Background. 5-Lipoxygenase activity is enhanced in peripheral blood mononuclear cells (PBMC) from end-stage renal disease (ESRD) patients on maintenance hemodialysis (HD), leading to lipoperoxidation and reactive oxygen species formation. These effects are prevented by vitamin E, which inhibits 5-lipoxygenase activity. The present study was designed to test the possibility that 5-lipoxygenase activation might cause mitochondrial damage and cytochrome c release, ultimately leading PBMC to apoptosis. Methods.
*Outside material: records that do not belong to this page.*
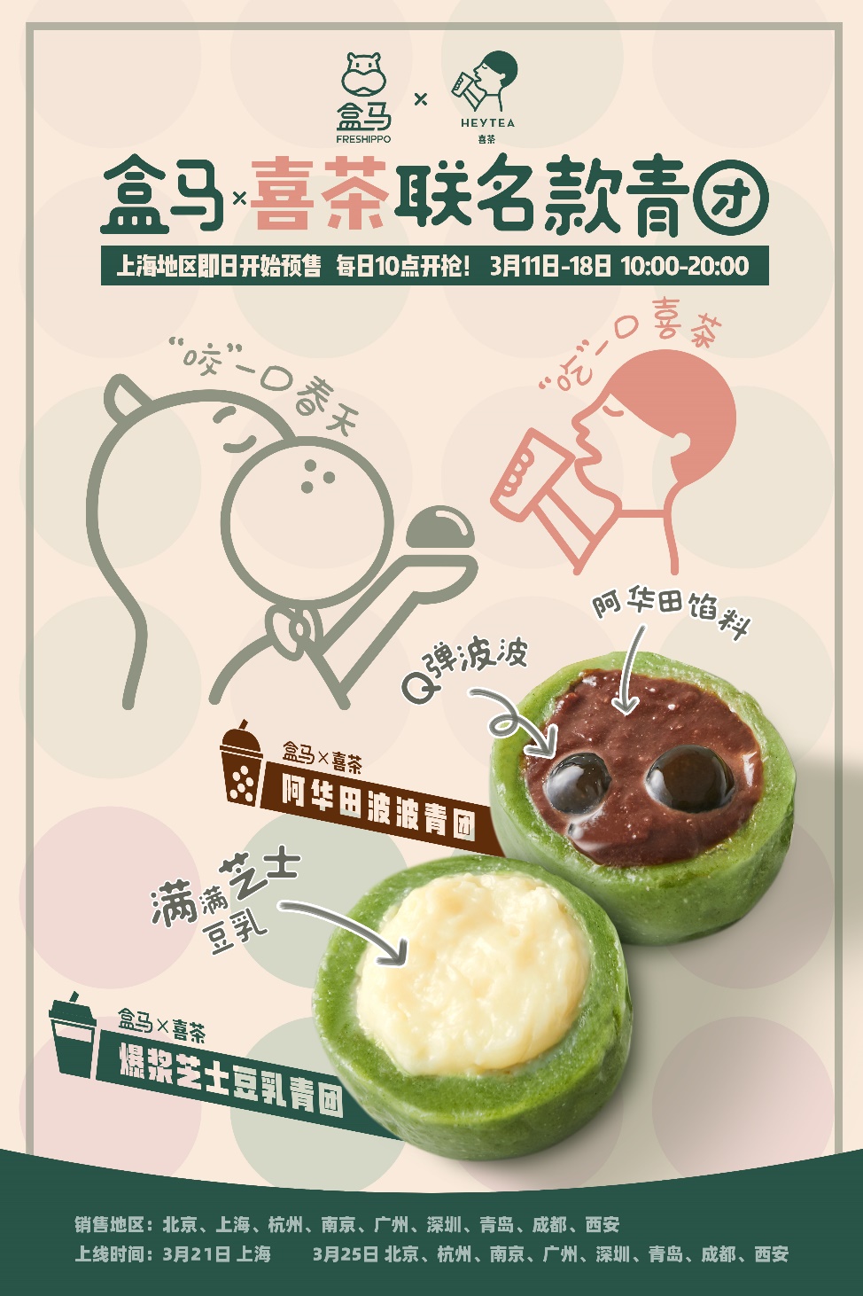 據(jù)了解,盒馬×喜茶聯(lián)名青團(tuán)于3月11日開(kāi)啟上海地區(qū)的預(yù)售,3月21日將正式上線。北京、杭州、南京、廣州、深圳、青島、成都、西安等地將于3月25日上線,屆時(shí)消費(fèi)者可通過(guò)盒馬線上下單,30分鐘就能吃上春天的味道。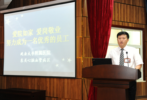 作者:薛 飞 核稿:李建雄 编发:新闻中心 发布日期:2012年9月28日 本网讯日前,附院东关分院人事科和团委组织了对2012年度新员工的岗前培训,共有240人参加了培训。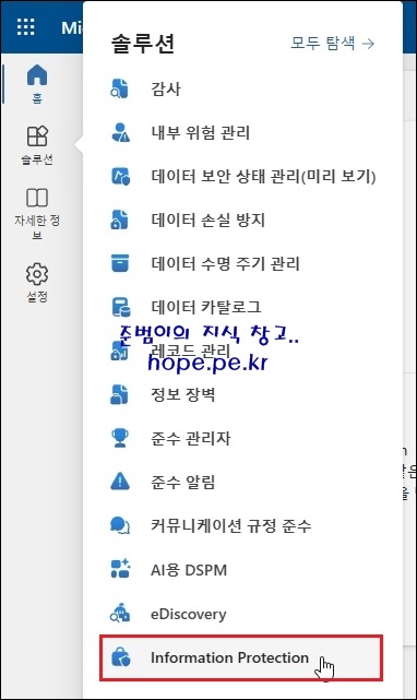 하단의 'Information Protection' 을 클릭 합니다.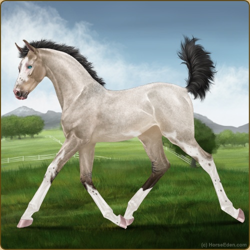 Color: Brown Dunskin Roan Splash White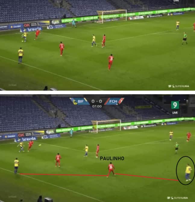 Brondby mostly looked to play out from the back when they had possession. Their tactics were to draw the Midtjylland’s midfield and forward line to the press high and then launch a long ball to the forwards and isolate them with the defensive lines in a 1v1 or 2v2 situation. In this example, we can see that Paulinho, the left-back goes higher to press the Brondby wing-back. Now another midfielder drop at the same time (black-circle) and Paulinho is left in two minds as to press them. The CB who has possession immediately launches a long ball.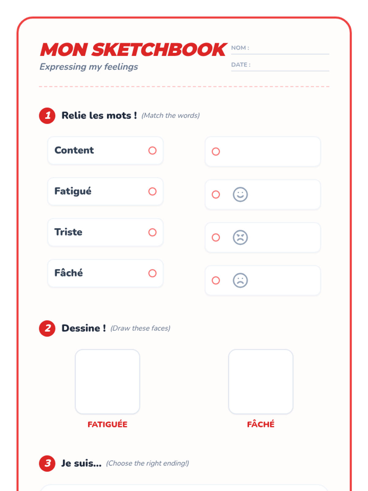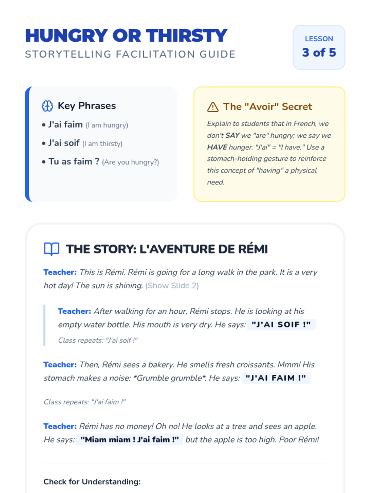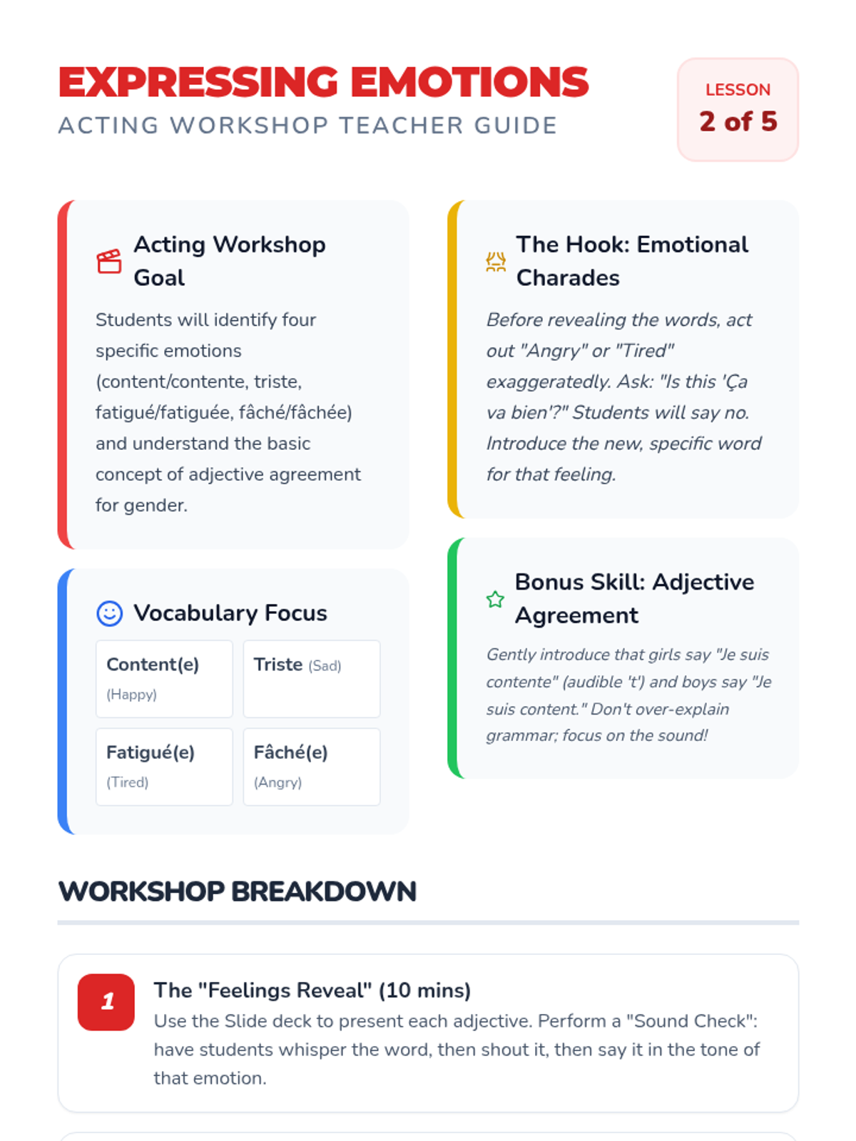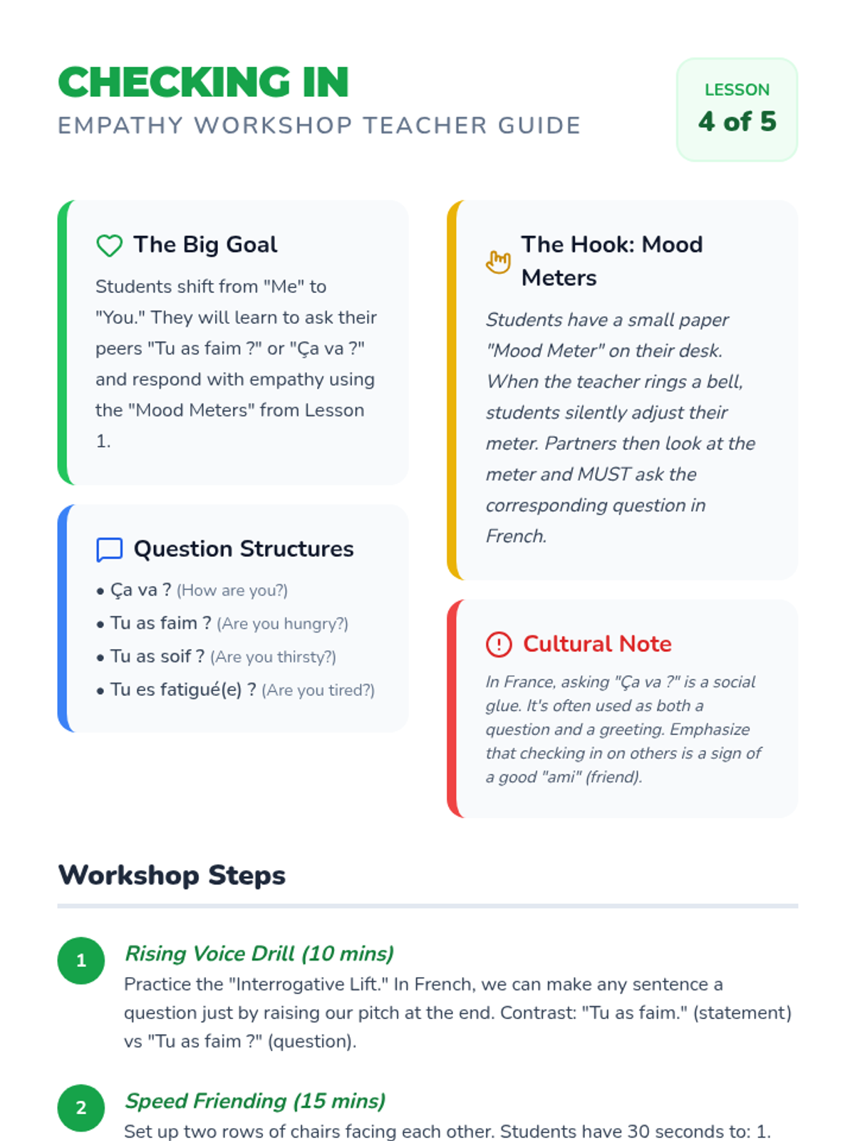 A 5-lesson sequence for 4th-grade French students focused on expressing emotions and physical needs. Students learn to use 'aller' and 'avoir' expressions through interactive simulations and role-playing.
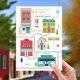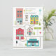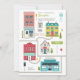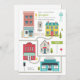 Convite neutro de chá de fraldas com ilustração de uma cidade com edifícios, estradas, placas de sinalização, árvores, telefone público e hidrante de incêndio. Personalize o texto, incluindo o nome da sua cidade natal.
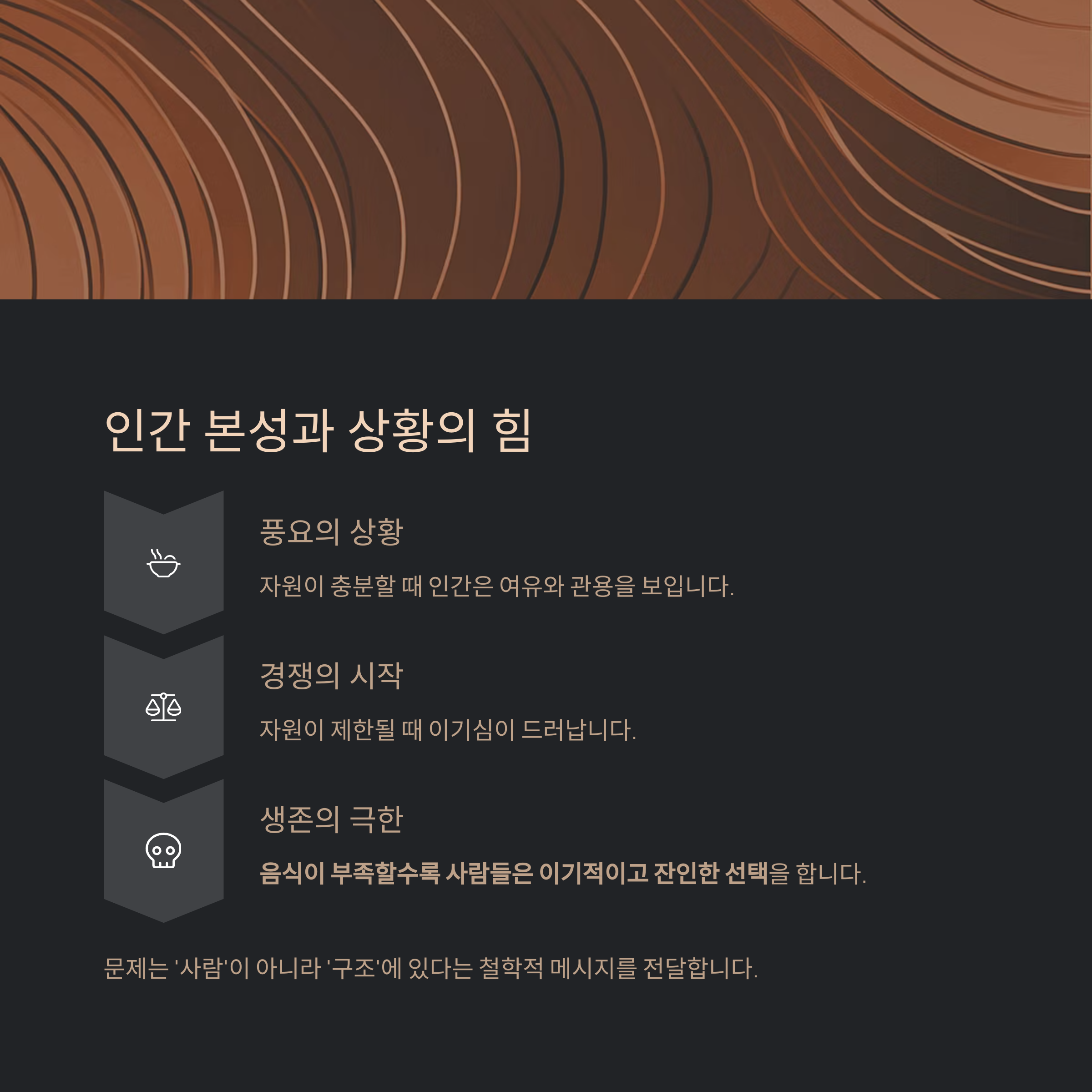 음식이 부족할수록 사람들은 이기적이고 잔인한 선택을 하게 됩니다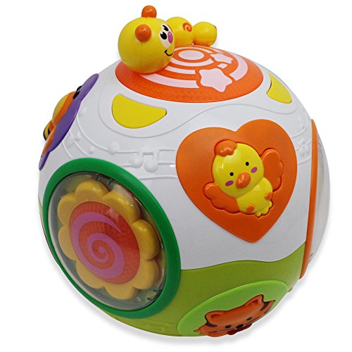 HOW IT WORKS-The various animal-shaped buttons can be easily pressed to make the corresponding animal sound-plus bonus sounds and silly songs included! The lights and rattles on the sides make it even more fun for your little one to enjoy. Just when you thought the vibrant colors and fun buttons were enough; put the ball on the ground to watch it roll around! Your child won't be able to help but chase it around for endless fun!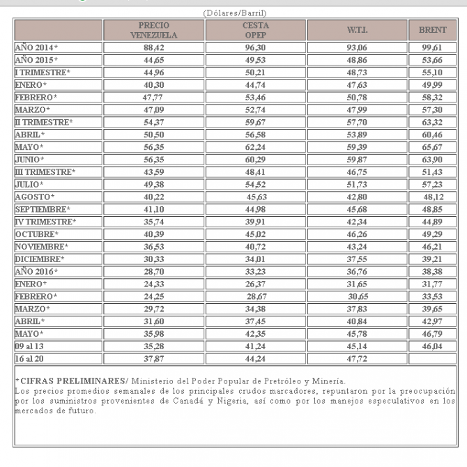 Cesta petrolera venezolana gana 2,59 y sube a 37,87 dólares

Apoptosis, mitochondrial uncoupling, and cytochrome c release were investigated in PBMC from 16 healthy volunteers and 16 ESRD patients on maintenance HD with cuprammonium rayon (CL-S) membranes in a two-step crossover study: after a four-week treatment with vitamin E-coated cuprammonium rayon (CL-E) membranes, and again after a four-week treatment with oral vitamin E. Results. Compared to healthy controls, PBMC from ESRD patients showed a ∼threefold increase in mitochondrial uncoupling and cytochrome c release (within 4 and 8 hours, respectively), followed by a ∼threefold increase in apoptotic body formation (within 48 hours). Regardless of the administration route, vitamin E reduced mitochondrial uncoupling, cytochrome c release and apoptosis of mononuclear cells, as did the 5-lipoxygenase inhibitor eicosatetraynoic acid. Conversely, the cyclooxygenase inhibitor indomethacin was ineffective. Conclusions. Reported data suggest that the 5-lipoxygenase branch of the arachidonate cascade is only responsible for mitochondrial disruption and apoptosis of PBMC of ESRD patients, and that vitamin E may be helpful in the control of oxidative stress-related disease in these subjects, independent of the administration route.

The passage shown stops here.